Two recent cases highlight the need for proper drafting when creating covenants that are restrictive in nature and are intended to bind land now and in the future, to ensure that those intended to benefit do indeed benefit.
In Seymour Road (Southampton) Ltd v Williams (2010), a building society originally owned a large area of land which it sold off in plots to various third parties around the time of 1896. One such plot was recently purchased by the claimant.
When the plot was originally sold in 1896, the building society sought to impose a restrictive covenant prohibiting the land from being used a roadway "without the consent of the vendor". Covenants such as this are fairly common, however what the covenant failed to specify was the area of land that was retained by the vendor. We can assume that it is this land that was intended to benefit from the effect of the restrictive covenant, both then and in the future, but in the absence of any reference to such land, the covenant was held to be fundamentally flawed and therefore unenforceable by the current owners of the neighbouring land. Their consent should rightly have been required for the current owner to use the land for anything other than a roadway, had the covenant been properly drafted.

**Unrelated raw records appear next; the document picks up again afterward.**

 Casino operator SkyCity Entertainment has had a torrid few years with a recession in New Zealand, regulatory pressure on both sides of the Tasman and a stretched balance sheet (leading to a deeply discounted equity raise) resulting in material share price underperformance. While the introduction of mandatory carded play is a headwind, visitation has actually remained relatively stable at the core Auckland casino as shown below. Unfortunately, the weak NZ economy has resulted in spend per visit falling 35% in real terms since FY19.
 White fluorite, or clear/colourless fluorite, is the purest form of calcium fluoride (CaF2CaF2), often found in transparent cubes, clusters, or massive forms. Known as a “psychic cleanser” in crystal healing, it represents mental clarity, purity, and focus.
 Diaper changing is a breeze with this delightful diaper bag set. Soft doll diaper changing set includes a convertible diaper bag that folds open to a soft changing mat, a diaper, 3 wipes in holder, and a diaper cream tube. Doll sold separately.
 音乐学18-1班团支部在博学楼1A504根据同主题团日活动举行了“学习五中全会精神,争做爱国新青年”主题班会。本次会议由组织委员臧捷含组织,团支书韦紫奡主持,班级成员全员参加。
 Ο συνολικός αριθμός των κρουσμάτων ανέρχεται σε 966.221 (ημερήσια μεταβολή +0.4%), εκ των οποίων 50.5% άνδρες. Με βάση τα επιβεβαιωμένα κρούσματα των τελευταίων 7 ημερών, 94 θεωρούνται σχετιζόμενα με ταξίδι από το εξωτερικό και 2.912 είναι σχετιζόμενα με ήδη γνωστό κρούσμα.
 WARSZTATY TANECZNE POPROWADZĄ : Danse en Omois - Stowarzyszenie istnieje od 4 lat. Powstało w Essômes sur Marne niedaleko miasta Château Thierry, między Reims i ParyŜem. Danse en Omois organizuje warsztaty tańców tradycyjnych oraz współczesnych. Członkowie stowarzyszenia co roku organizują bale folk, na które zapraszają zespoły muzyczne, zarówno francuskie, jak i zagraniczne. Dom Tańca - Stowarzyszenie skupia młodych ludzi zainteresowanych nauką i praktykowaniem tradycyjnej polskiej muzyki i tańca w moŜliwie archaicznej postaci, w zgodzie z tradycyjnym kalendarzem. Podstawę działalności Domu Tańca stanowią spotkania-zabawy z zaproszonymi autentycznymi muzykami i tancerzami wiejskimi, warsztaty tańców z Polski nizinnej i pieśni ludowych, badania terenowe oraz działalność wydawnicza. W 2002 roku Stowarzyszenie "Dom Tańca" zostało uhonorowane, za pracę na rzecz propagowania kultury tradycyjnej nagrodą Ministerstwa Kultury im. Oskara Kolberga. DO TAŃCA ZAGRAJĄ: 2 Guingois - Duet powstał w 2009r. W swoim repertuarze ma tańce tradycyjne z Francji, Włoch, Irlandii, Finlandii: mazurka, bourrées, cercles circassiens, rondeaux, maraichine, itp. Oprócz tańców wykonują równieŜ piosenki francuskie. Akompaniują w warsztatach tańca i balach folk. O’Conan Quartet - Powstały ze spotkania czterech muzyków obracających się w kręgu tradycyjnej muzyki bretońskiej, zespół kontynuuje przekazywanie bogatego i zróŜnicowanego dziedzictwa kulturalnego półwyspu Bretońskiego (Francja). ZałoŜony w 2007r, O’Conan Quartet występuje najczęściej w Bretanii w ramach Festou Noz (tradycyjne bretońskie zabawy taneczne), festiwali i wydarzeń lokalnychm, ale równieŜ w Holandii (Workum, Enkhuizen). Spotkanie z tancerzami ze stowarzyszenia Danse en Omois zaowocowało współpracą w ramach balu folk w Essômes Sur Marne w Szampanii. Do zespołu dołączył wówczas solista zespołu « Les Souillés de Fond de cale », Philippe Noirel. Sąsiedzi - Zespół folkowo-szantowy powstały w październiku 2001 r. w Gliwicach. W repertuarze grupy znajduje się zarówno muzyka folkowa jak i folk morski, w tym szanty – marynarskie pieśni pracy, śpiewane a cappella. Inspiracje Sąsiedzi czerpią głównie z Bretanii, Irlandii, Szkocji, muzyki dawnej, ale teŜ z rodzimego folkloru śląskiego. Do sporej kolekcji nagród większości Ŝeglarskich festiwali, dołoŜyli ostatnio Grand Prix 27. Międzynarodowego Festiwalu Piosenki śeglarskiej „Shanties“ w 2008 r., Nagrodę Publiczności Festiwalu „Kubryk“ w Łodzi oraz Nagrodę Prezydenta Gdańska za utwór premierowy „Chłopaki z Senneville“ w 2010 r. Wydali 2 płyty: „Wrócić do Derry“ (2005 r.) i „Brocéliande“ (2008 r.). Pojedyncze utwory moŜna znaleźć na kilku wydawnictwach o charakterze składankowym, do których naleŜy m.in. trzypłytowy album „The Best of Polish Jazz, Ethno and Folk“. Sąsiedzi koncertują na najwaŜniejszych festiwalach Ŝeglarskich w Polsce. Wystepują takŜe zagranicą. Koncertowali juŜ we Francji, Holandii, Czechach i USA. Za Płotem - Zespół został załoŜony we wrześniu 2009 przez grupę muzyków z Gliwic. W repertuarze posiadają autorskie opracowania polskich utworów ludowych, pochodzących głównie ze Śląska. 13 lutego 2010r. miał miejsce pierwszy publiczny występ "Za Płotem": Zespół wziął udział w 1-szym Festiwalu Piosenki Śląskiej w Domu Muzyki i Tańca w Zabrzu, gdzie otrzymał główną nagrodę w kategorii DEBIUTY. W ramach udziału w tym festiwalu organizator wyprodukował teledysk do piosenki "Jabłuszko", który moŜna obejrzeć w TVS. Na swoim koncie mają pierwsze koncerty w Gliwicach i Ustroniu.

A similar case was Southwark Roman Catholic Diocesan Corp v South London Church Fund (2009). A covenant, this time dating back to 1888, stipulated that the property is only to be used as a place of divine worship. Again, the wording of the covenant failed to accurately specify the land owned by the then owner which was intended to benefit from this covenant. The current owner of the property was therefore free to sell or use the property for any purpose, and the current owner of the land which was originally intended to benefit from the covenant was powerless to prevent such use.

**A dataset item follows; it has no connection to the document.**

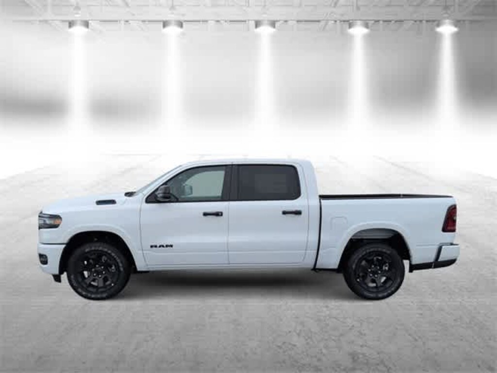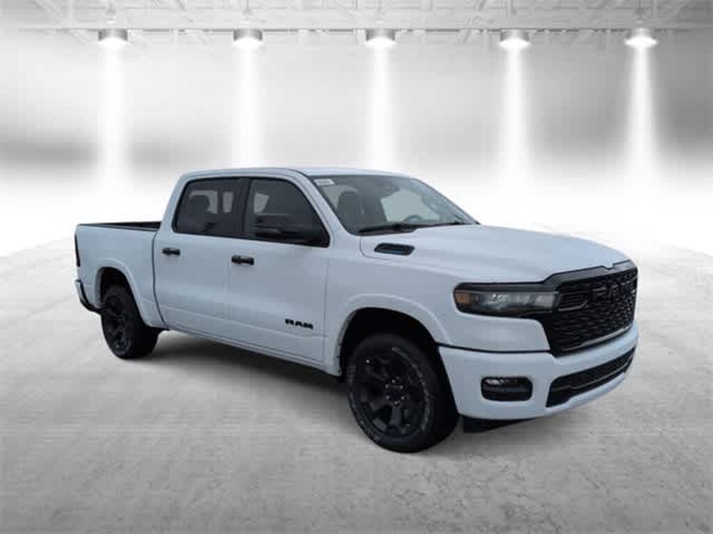 2025 Ram 1500 Big Horn/Lone Star. Big Horn Level 2 Equipment Group (115V Auxiliary Power Outlet, 115V Auxiliary Rear Power Outlet, 12 Touchscreen Display, 2nd Row In Floor Storage Bins, 400W Inverter, 4G LTE Wi-Fi Hot Spot, 9 Amplified Speakers w/Subwoofer, Air Conditioning ATC w/Dual Zone Control, Apple CarPlay, Auto Power-Folding Mirrors, Auto-Dimming Exterior Driver Mirror, Auto-Dimming Rear-View Mirror, Black Exterior Mirrors, Black Premium Power Mirrors, Cluster 7.0 TFT Color Display, Configurable Drive Mode, Connected Travel & Traffic Services, Connectivity - US/Canada, Convex Wide-Angle Exterior Mirror Insert, Exterior Mirrors Courtesy Lamps, Exterior Mirrors w/Heating Element, Exterior Mirrors w/Supplemental Signals, Glove Box Lamp, Google Android Auto, GPS Antenna Input, GPS Navigation, HD Radio, Heated Front Seats, Heated Steering Wheel, Integrated Voice Command w/Bluetooth, Leather Wrapped Steering Wheel, LED Dome Lamp w/On/Off Switch, LED Footwell Lighting, Media Hub w/2 Charge Only USBs, Overhead LED Lamps, Power 2-Way Driver Lumbar Adjust, Power Adjust 8-Way Driver Seat, Power Adjustable Pedals, Premium Overhead Console, Radio: Uconnect 5 Nav w/12.0 Display, Rear Power Sliding Window, Rear Window Defroster, Remote Tailgate Release, Security Alarm, SiriusXM w/360L, Steering Wheel Mounted Audio Controls, Sun Visors w/Illuminated Vanity Mirrors, Universal Garage Door Opener, and USB Host Flip), Night Edition (3 Rear Seat Head Restraints, 4 Way Front Headrests, Accent Color Door Handles, Accent Color Premium Power Mirrors, Accent Color Tailgate Handle, Anti-Spin Differential Rear Axle, Black Exterior Truck Badging, Black Headlamp Bezels, Black Interior Accents, Black Painted Exterior Mirrors Caps, Black Tail Lamp Bezels, Body Color Front Bumper, Body Color Rear Bumper w/Step Pads, Bucket Seats, Deluxe Cloth Bucket Seats, Front Seat Back Map Pockets, Full Length Floor Console, Grille Black Surround Black Mesh, Manual Adjust 4-Way Front Passenger Seat, RAM Grille Badge - Black, Rear 60/40 Folding Seat, Rear Center Armrest, and Wheels: 20 x 9.0 Aluminum Painted Clad), Quick Order Package 23Z Big Horn (Big Horn Badge), 3.21 Rear Axle Ratio, 4-Wheel Disc Brakes, 6 Speakers, ABS brakes, Air Conditioning, Alloy wheels, AM/FM radio, Apple CarPlay/Android Auto, Auto High-beam Headlights, Brake assist, Bumpers: chrome, Cloth Bench Seat, Compass, Delay-off headlights, Driver door bin, Dual front impact airbags, Dual front side impact airbags, Electronic Stability Control, Front anti-roll bar, Front Center Armrest w/Storage, Front fog lights, Front reading lights, Front wheel independent suspension, Fully automatic headlights, Heated door mirrors, Illuminated entry, Low tire pressure warning, Manual Folding Exterior Mirrors, MOPAR Front & Rear Rubber Floor Mats, Occupant sensing airbag, Outside temperature display, Overhead airbag, Overhead console, Panic alarm, ParkView Rear Back-Up Camera, Passenger door bin, Passenger vanity mirror, Power door mirrors, Power steering, Power windows, Radio data system, Radio: Uconnect 5 W w/8.4 Display, RAM Grille Badge - Chrome, Rear anti-roll bar, Rear seat center armrest, Rear step bumper, Remote keyless entry, Speed control, Split folding rear seat, Supplier Part Tracking (J-1), Tachometer, Telescoping steering wheel, Tilt steering wheel, Traction control, Trip computer, Variably intermittent wipers, Voltmeter, and Wheels: 18 x 8 Cast-Aluminum Painted Bluetooth Backup Camera. Bright White Clearcoat 8-Speed Automatic 3.6L V6 24V VVT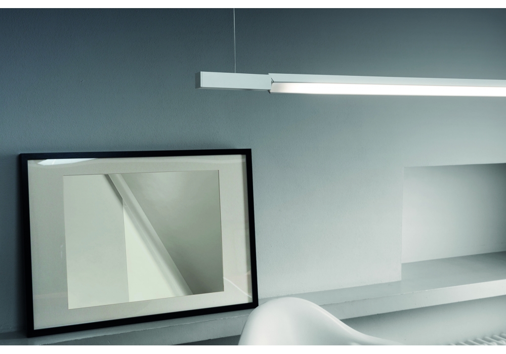Linescapes Horizontal, von Nemo Studio für Nemo entworfen, ist eine Hängeleuchte mit tragender Struktur aus lackiertem extrudiertem Aluminium. Der Diffusor ist aus opak weißem Polycarbonat und schirmt eine dimmbare LED-Lichtquelle in verschiedenen Lichtschattierungen ab. Linescapes Horizontal ist in verschiedenen Größen und Ausführungen erhältlich.

Of course, depending on the content of the covenant, there can be much value in a property having the benefit of a covenant which binds other land detrimentally. This can take shape in a general sense where restriction on the use of neighbouring land can actually maintain or add to the intrinsic value of a property, or in a more literal sense whereby the existence of a troublesome covenant can be used as a bargaining tool for securing monetary gain for its release. What is clear is that it is important to ensure that when drafting new restrictive covenants which are intended to benefit a particular area of land for years to come that the benefiting land is clearly and correct identified to avoid any risk of the covenants being held as unenforceable in the future.